We will warm-up by getting all of you more familiar with multivariate Gaussian distribution by observing the contour of its density in 2D. Run the following code and use adjust the following parameters: mean of x and y coordinates (`mu_x` and `mu_y`), and its covariance matrix, $\Sigma \in \mathbb{R}^{2 \times 2}$, given by

$$
\Sigma = \begin{bmatrix}
\Sigma_{xx} & \Sigma_{xy} \\
\Sigma_{xy} & \Sigma_{yy}
\end{bmatrix}
$$

For some values of $\Sigma$, you may get a matrix that is no longer positive semidefinite. If that happens, move $\Sigma_{xy}$ closer to zero or just try a different set of values.

In [None]:
import matplotlib.pyplot as plt
import numpy as np
import scipy.stats
from ipywidgets import interactive

In [None]:
def plot_contour(mu_x, mu_y, s_xx, s_yy, s_xy):
    # Generate grid of points at which to evaluate pdf
    x = np.linspace(-5, 5, 500)
    y = np.linspace(-5, 5, 500)
    X,Y = np.meshgrid(x, y)
    pos = np.array([Y, X]).T
    S = [[s_xx, s_xy], [s_xy, s_yy]]
    rv = scipy.stats.multivariate_normal([mu_x, mu_y], S)
    Z = rv.pdf(pos)
    
    e, v = np.linalg.eig(S)
    v = v.T * np.sqrt(e.reshape(2, 1))
    plt.figure(figsize=(6, 5))
    plt.contourf(X, Y, Z)
    plt.arrow(mu_x, mu_y, v[0, 0], v[0, 1], width=0.1, color='r')
    plt.arrow(mu_x, mu_y, v[1, 0], v[1, 1], width=0.1, color='r')
    plt.colorbar()
    plt.xlim(-5, 5)
    plt.ylim(-5, 5)
    plt.xlabel('x')
    plt.ylabel('y')
    plt.show()

interactive_plot = interactive(plot_contour, mu_x=(-4, 4), mu_y=(-4, 4), 
                               s_xx=(0.1, 5), s_yy=(0.1, 5), s_xy=(-5, 5))
output = interactive_plot.children[-1]
interactive_plot

Answer the following questions:

- __What happens when you change the mean__
- __What happens when you change the diagonal entries of the covariance matrix? (also notice the color bar on the right)__
- __What happens when you change the off-diagonal entries?__

The red arrows show the two orthogonal directions with the largest and the smallest variance. They can be seen as the transformed coordinates! If you have data points drawn from a standard Gaussian distribution (i.e. $\Sigma = I$), they can be linearly transformed as if they are drawn from any Gaussian distribution with covariance matrix $\Sigma$. The transformation matrix is given by 

$$T = VS^{1/2}$$

where $V$ is the eigenvectors of $\Sigma$, and $S$ is the diagonal matrix of eigenvalues of $\Sigma$. In other words, SVD of the covariance matrix $\Sigma$ is given by

$$\Sigma = VSV^\top = TT^\top$$

The red arrows are then generated by transforming the standard unit vectors, $[0, 1], [1, 0]$, by the transformation matrix $T$.
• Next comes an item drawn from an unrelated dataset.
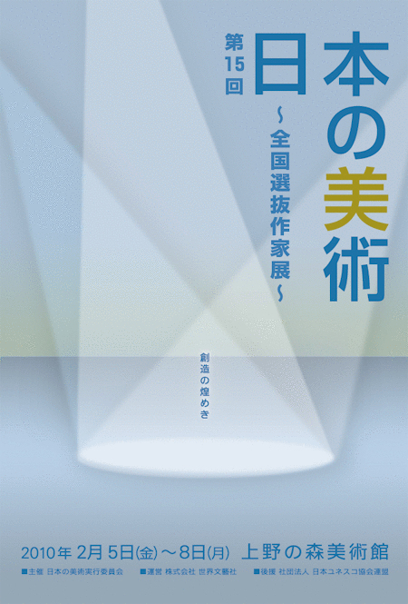 第15回 日本の美術 -全国選抜作家展-を2010年2月5日(金)-2月8日(月)の期間に上野の森美術館で開催。全国選抜作家による日本画、洋画、彫塑・陶工芸などの美術作品を展示します。入場無料。

__Why does this make sense mathematically?__ Consider PDF of an standard Gaussian: $f(x) = \frac{1}{2\pi} \exp\left\{\|x\|_2^2\right\}$. We want to find PDF of the transformed distribution $g(z)$ where $z = Tx$. More generally, for any PDF $f(x)$, $g(z)$ is given by

$$g(z) = f(x(z)) \left| \det\left( \frac{dx}{dz} \right)\right|$$

Now see what $g(z)$ looks like for our Gaussian distribution.
\begin{align}
g(z) &= \frac{1}{2\pi} \left| \det{T^{-1}} \right| \cdot \exp\left\{\|T^{-1}z\|_2^2\right\} \\
&= \frac{1}{2\pi} \left| \frac{1}{\det{T}} \right| \cdot \exp\left\{ z^\top (T^{-1})^\top T^{-1} z \right\} \\
&= \frac{1}{2\pi} \left| \frac{1}{\sqrt{\det{\Sigma}}} \right| \cdot \exp\left\{ z^\top (S^{-1/2}V^\top)^\top S^{-1/2}V^\top z \right\} \\
&= \frac{1}{2\pi\sqrt{\det{\Sigma}}} \cdot \exp\left\{ z^\top V S^{-1}V^\top z \right\} \\
&= \frac{1}{2\pi\sqrt{\det{\Sigma}}} \cdot \exp\left\{ z^\top \Sigma^{-1} z \right\} 
\end{align}

This shows that transforming $x$ by $T$ is equivalent to sampling $z = Tx$ from a new Gaussian distribution with covariance matrix $\Sigma$.

## (b) Linear Regression (Likelihood)

Given the following variables: a data point $x \in \mathbb{R}^d$ and its label $y^* \in \mathbb{R}$. $x$ and $y^*$ are related by the following linear function.

$$y^* = x^\top w^*$$

However, in this case, we can only observe a noisy version of $y^*$:

$$y = y^* + \epsilon = x^\top w^* + \epsilon$$

where $\epsilon \sim \mathcal{N}(0, \sigma^2)$. In other words, we are given a training set of $n$ samples: $\{(x_1,y_1),\dots,(x_n,y_n)\}$. This is the same setting as in Problem 2 of HW3 where we will later show the probabilistic interpretation of least square and ridge regression.

In [None]:
# set style for prettier plots
plt.style.use('seaborn-darkgrid')

def generate_data(n, d, sigma):
    np.random.seed(1)
    if d == 1:
        w = np.array([1.])
    elif d == 2:
        w = np.array([-0.5, 0.6])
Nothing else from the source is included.